Britain has been ranked the fifth richest country in the world. Is this disparity acceptable?

Mattey Mitchell

Professor Greenfelds said that they found that children and vulnerable adults had frequent accidents or ill health “as a result of sewage leaks, damaged paving stones or even vermin infestations from surrounding areas” and welcomed Byline Times‘ new research, saying that it provides “much-needed evidence that… little has changed in relation to where and how generations of Gypsy and Traveller children are growing up, and the public health hazards to which they are exposed”. 

The new analysis uses similar indicators of unhealthy places, using a range of sources such as Natural England’s research on environmental justice, international research on air quality and roads, and emerging work from National Rail on the health effects of living near railways and stations. The investigation reveals how little has changed since the 1970s, with sites still placed in locations where nobody else would live and segregated from so-called settled communities.

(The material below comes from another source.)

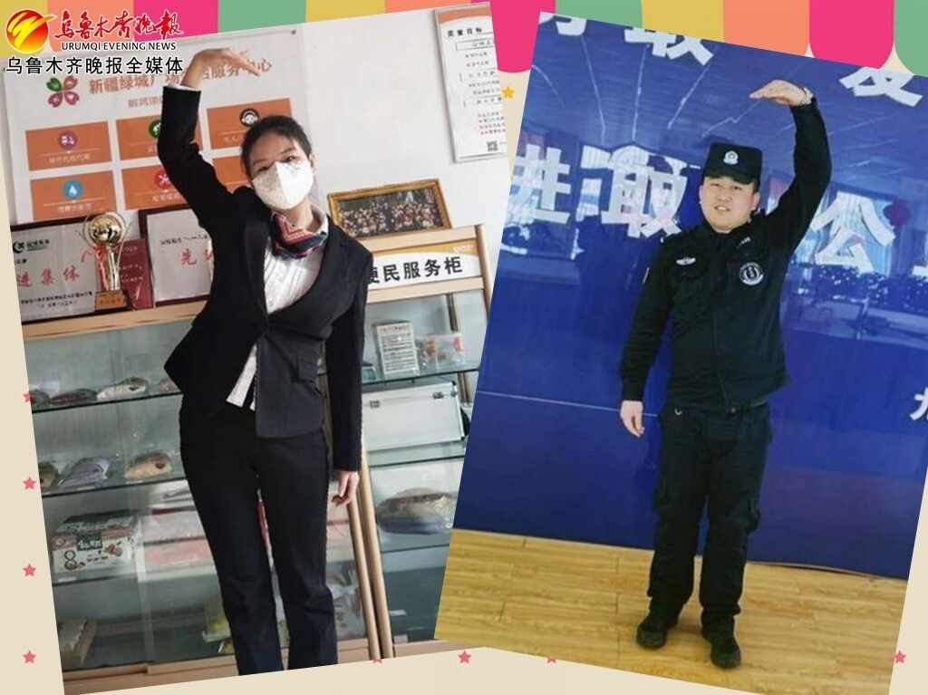妻子张红霞(左) 乌鲁木齐绿城广场住宅物业服务中心员工,丈夫鲁军征(右)阜康市人民警察。

A small Traveller site currently being planned as part of a larger housing development near Hemel Hempstead, for instance, is set to have a separate entrance for the housed residents, with Gypsies and Travellers having a ‘poor door’ – a completely separate entrance, which councillors and officers claim community members wanted. Local community groups deny being consulted and the Traveller site is planned at the far side of the development and nearest to a sewage pumping station, as well as metres away from a mainline railway. 

Mattey Mitchell, campaigns officer at Friends, Families and Travellers, told Byline Times: “These findings shed a harsh and unforgiving light on the state of equality in Britain today. It’s already known that Romany and Traveller communities face a nationwide housing crisis. We now learn that existing accommodation falls far short of national standards. Britain has been ranked the fifth richest country in the world. Is this disparity acceptable?”

This investigation found that some sites are located close to multiple factors associated with poor health outcomes.

For example, one site near the Science Park in Oxford, is situated just over 100 metres from two sewage facilities and 300 metres from a busy road, with a nearby site being sandwiched between the M40 and A40.

A site in Bradford is located behind a heavily used recycling site, not far from a railway and industrial area. Residents have voiced concerns previously about smell, dust, vermin and noise.

Another site in the Mole Valley area, built in 2007, is sandwiched between an A road and a railway line which are 50 metres apart, and isolated from all other housing. 

A site in Ellesmere Port, built in 2014, is around 30 metres from a railway track, 40 metres from an industrial area, and just over 20 metres from a recycling centre.

Meanwhile, Travellers at another site in York, near a recycling centre and industrial area, had to be relocated for four months after the river Foss flooded, contaminating the site in 2016. 

Government planning guidance for sites, issued in 2015, states that they should not be located in areas vulnerable to flooding, because of the vulnerability of caravans. The guidance also states that planning decisions should consider the health and well-being of Travellers. Other sites were often close to mobile phone masts, cemeteries, busy roundabouts and power stations. 

A spokesperson for the Ministry of Communities, Housing and Local  Government, said: “Our Planning Policy for Traveller Sites makes clear councils should properly consider the effect of environmental factors on the health of Travellers that may locate at a site… We will deliver a cross-Government strategy to tackle the inequalities faced by Gypsies, Roma and Travellers) communities in due course.”